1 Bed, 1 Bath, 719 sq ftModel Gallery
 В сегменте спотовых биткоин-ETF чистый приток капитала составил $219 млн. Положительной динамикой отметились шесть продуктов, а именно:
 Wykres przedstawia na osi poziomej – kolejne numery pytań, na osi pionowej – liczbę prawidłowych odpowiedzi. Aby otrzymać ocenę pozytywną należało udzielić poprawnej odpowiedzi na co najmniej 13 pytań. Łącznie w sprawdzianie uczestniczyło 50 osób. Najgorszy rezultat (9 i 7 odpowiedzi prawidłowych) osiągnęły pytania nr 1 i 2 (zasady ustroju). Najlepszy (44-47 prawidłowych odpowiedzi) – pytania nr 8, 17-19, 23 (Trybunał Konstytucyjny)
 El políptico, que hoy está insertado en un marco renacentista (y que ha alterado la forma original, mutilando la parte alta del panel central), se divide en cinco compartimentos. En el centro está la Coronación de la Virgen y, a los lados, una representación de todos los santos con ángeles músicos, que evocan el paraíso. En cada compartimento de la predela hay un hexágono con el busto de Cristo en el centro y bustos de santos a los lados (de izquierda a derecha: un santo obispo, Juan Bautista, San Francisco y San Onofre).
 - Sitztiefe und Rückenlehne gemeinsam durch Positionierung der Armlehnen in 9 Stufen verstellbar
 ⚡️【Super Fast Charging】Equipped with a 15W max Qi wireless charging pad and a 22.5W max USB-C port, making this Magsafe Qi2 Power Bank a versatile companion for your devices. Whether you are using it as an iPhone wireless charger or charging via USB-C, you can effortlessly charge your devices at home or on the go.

==============================

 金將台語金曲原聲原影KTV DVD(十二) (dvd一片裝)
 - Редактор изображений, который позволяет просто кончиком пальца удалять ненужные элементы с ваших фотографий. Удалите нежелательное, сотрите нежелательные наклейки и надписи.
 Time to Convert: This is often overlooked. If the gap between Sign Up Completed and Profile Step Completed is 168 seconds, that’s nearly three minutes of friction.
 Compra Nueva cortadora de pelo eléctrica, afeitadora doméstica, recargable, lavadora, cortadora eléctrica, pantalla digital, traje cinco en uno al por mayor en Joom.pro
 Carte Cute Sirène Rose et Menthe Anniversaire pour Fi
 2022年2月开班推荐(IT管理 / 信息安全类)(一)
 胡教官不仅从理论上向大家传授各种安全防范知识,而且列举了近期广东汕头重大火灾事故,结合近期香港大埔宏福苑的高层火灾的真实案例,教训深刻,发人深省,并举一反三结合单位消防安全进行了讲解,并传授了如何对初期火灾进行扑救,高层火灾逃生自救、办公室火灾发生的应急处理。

==============================

# Exercise
Beginning with the line containing "El políptico, que" in the material above, copy every line exactly until you have copied the line containing "- Sitztiefe und".

# Answer box
 El políptico, que hoy está insertado en un marco renacentista (y que ha alterado la forma original, mutilando la parte alta del panel central), se divide en cinco compartimentos. En el centro está la Coronación de la Virgen y, a los lados, una representación de todos los santos con ángeles músicos, que evocan el paraíso. En cada compartimento de la predela hay un hexágono con el busto de Cristo en el centro y bustos de santos a los lados (de izquierda a derecha: un santo obispo, Juan Bautista, San Francisco y San Onofre).
 - Sitztiefe und Rückenlehne gemeinsam durch Positionierung der Armlehnen in 9 Stufen verstellbar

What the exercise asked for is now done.